L’affaire est entendue : les élections municipales ne sont pas des élections comme les autres, dont on pourrait tirer des enseignements nationaux sans prendre de sérieuses précautions. Comme le soulignaient déjà les politistes Jean-Louis Briquet et Frédéric Sawicki à la fin des années 1980, le local « possède son épaisseur propre, sa dimension spécifique ». Il y a ainsi des villes qui votent à gauche aux élections nationales mais se tournent plutôt à droite lors des élections municipales – et réciproquement.
A un an de la prochaine présidentielle, il est cependant difficile de résister à la tentation de lire ces résultats à l’aune des rapports de force nationaux.

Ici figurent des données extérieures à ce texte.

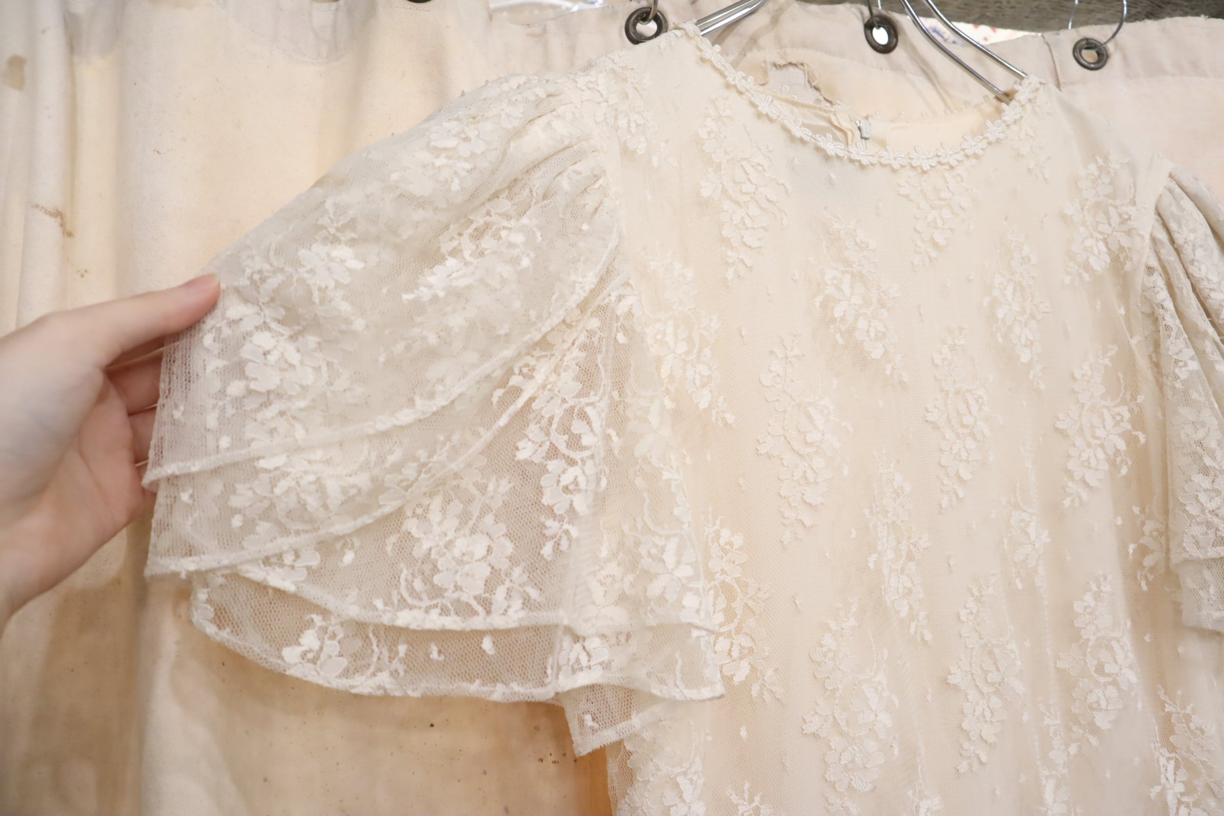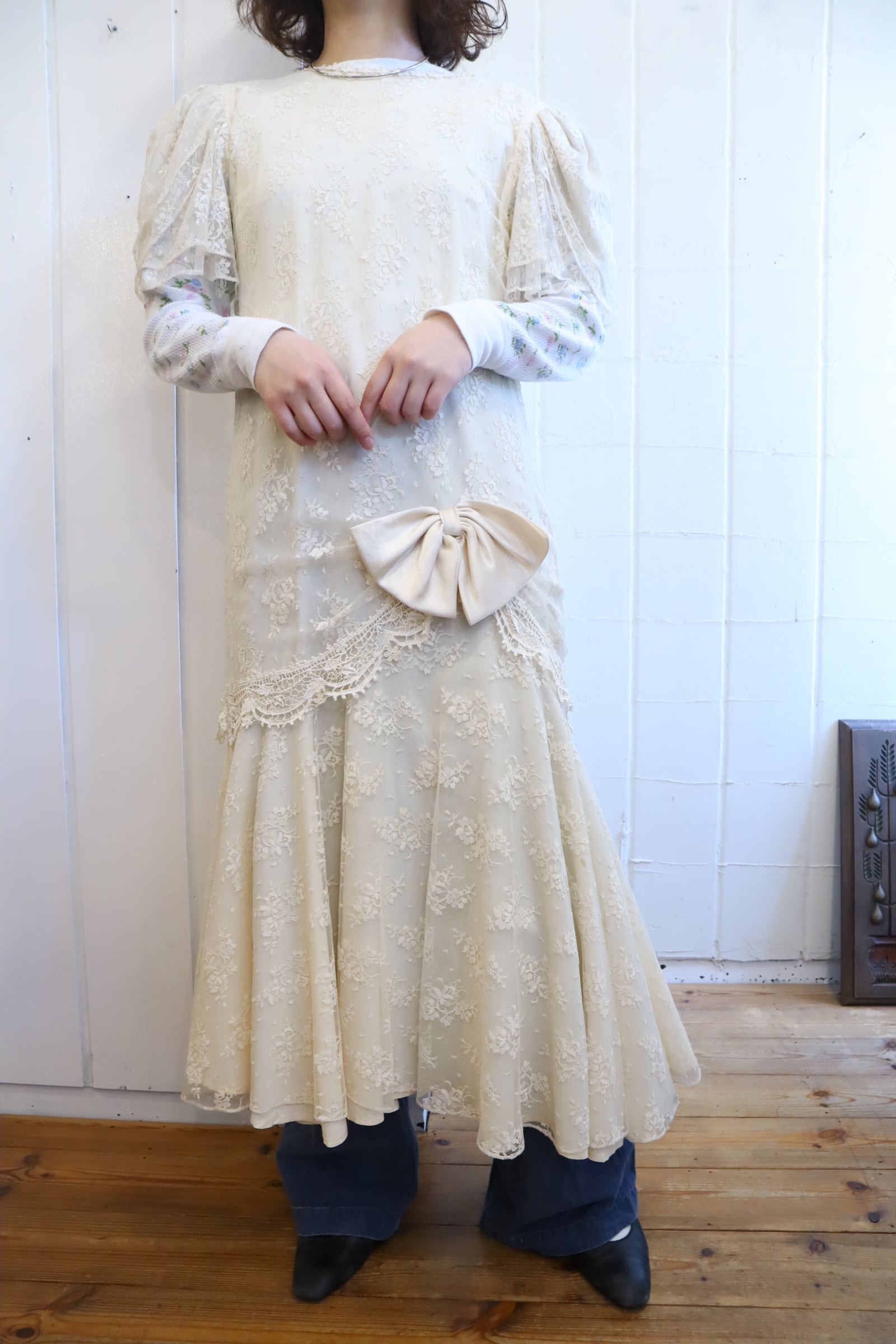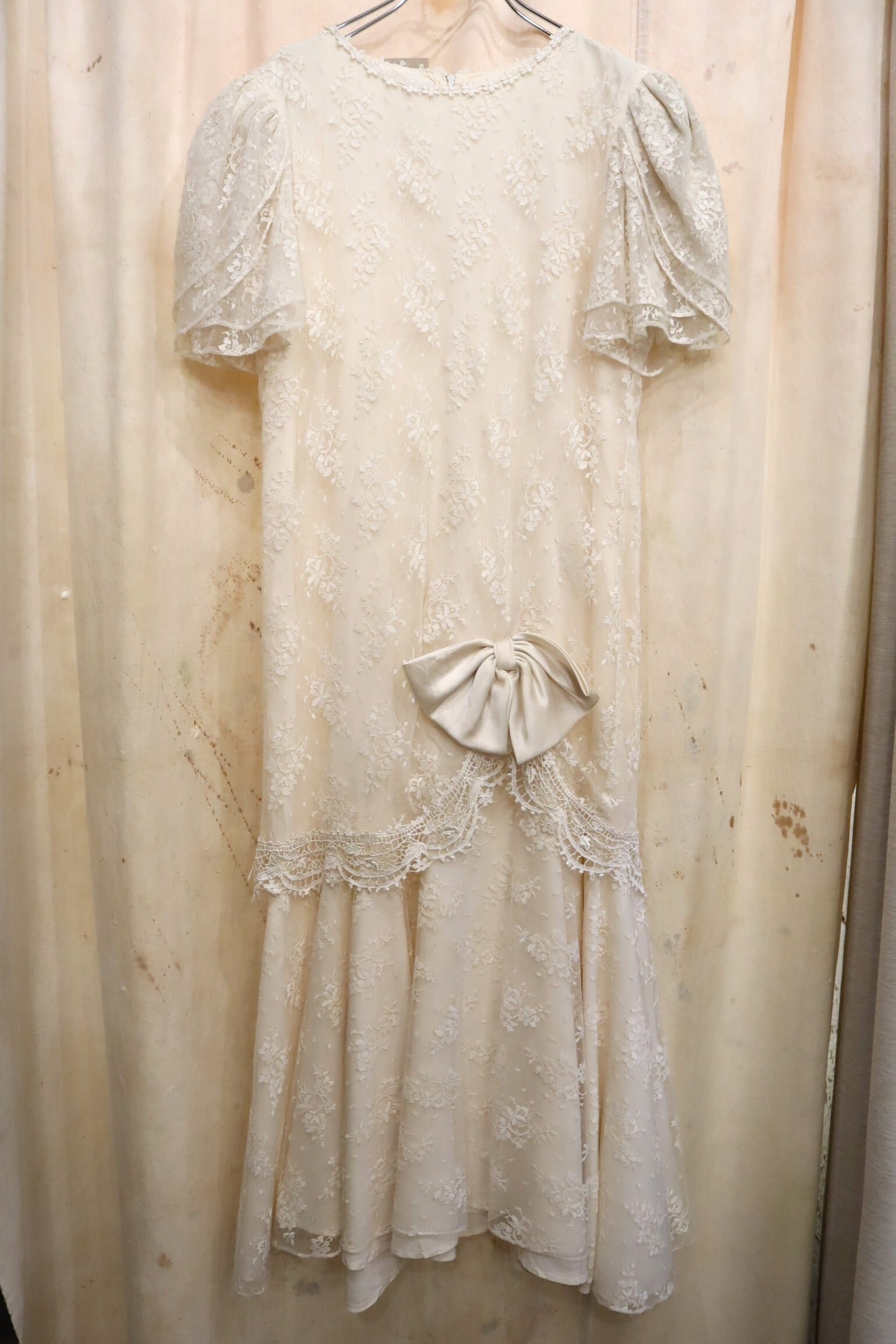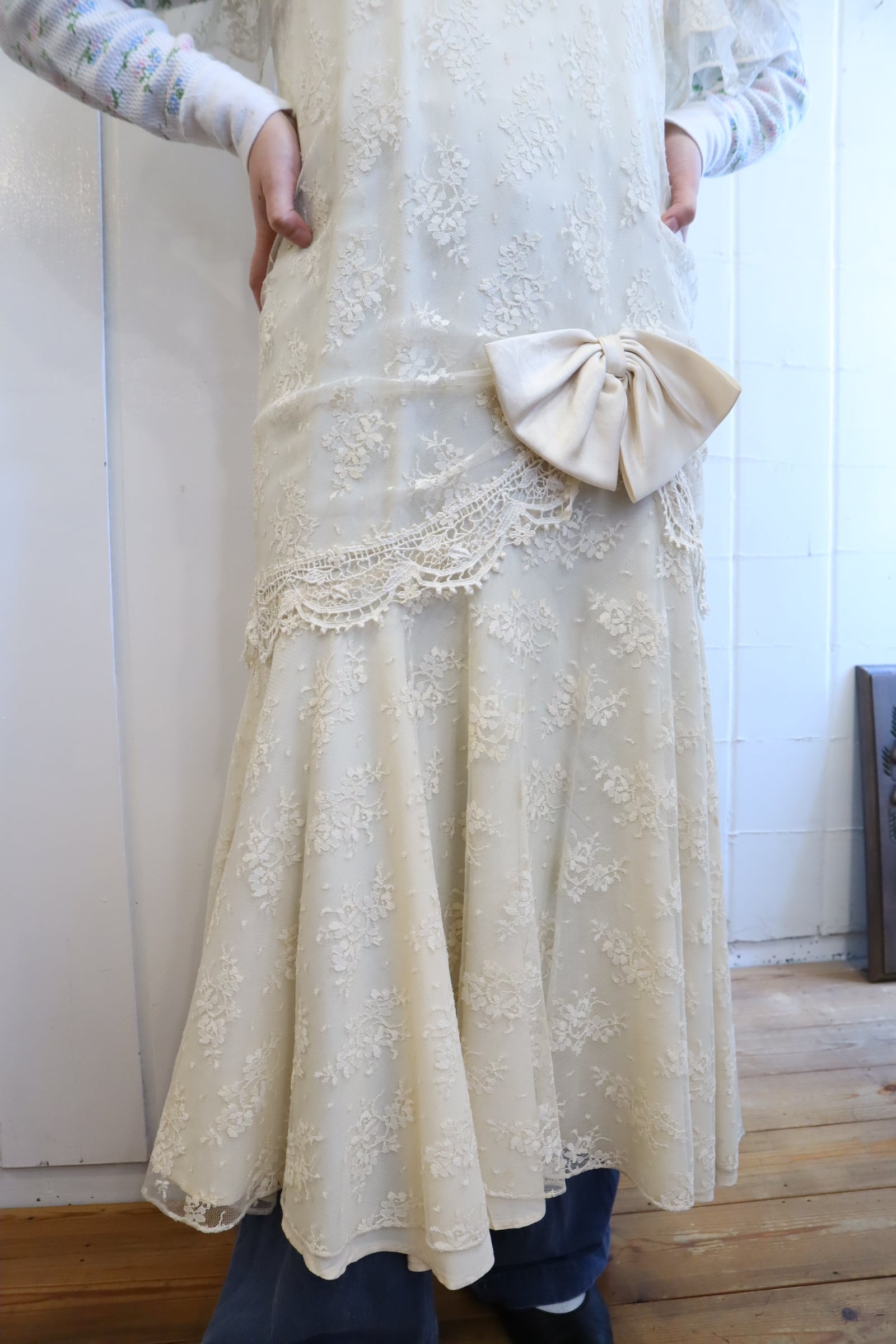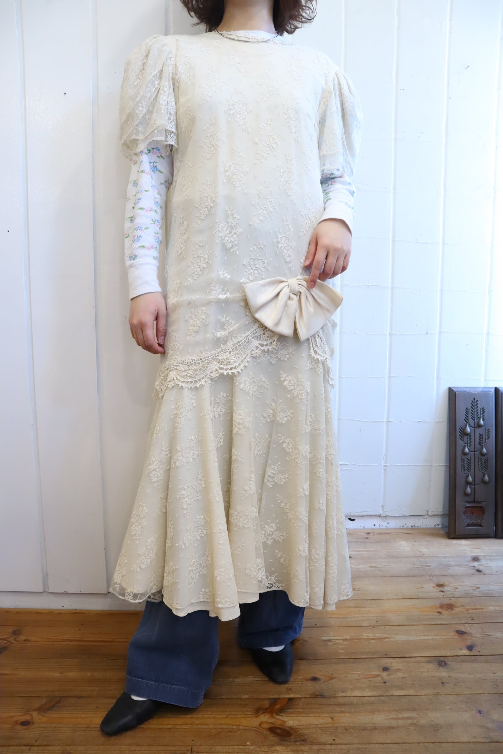 offwhite lace&ribbon short sleeve dress [l-5114]

Les responsables politiques ne s’y trompent pas : chacun s’efforce d’y déceler des signaux, d’y projeter des dynamiques, voire d’y construire un récit favorable à son camp. Les réactions des uns et des autres en témoignent : Gabriel Attal, président de Renaissance, met en avant un doublement du « nombre d’élus locaux » de son parti ; Manuel Bompard, coordinateur de La France insoumise (LFI), salue une « entrée fracassante » de son mouvement dans les conseils municipaux ; Bruno Retailleau, président des Républicains, affirme quant à lui que « la bataille a été gagnée ». Mais qu’en est-il réellement ?
La gauche, qui a relevé la tête lors des dernières municipales, en 2020, six ans après la « vague bleue » de 2014, pourra capitaliser sur le maintien à gauche de Paris, de Lyon et de Marseille, mais, au-delà, l’équation semble nettement plus délicate. Il y a d’abord le basculement de grandes villes historiquement ancrées à gauche, à l’image de Poitiers, de Besançon ou de Clermont-Ferrand. Mais il y a, surtout, les difficultés rencontrées en dehors des grandes agglomérations urbaines. Dans les villes petites et moyennes, la gauche municipale enregistre un recul inédit.
Les socialistes et communistes se retrouvent ainsi dans une situation plus fragile qu’il y a douze ans, sans que LFI ou Les Ecologistes viennent prendre le relais. Les bascules d’Aurillac, remportée par la droite dès le premier tour, du Creusot [Saône-et-Loire], de Cherbourg-en-Cotentin [Manche], toutes trois à gauche depuis les années 1970, et de Tulle, fief de François Hollande, en témoignent. A Brest [Finistère], où François Cuillandre était maire depuis 2001, la défaite a également une coloration particulière, tout comme à Vierzon [Cher], où le Parti communiste français cède la mairie à l’extrême droite.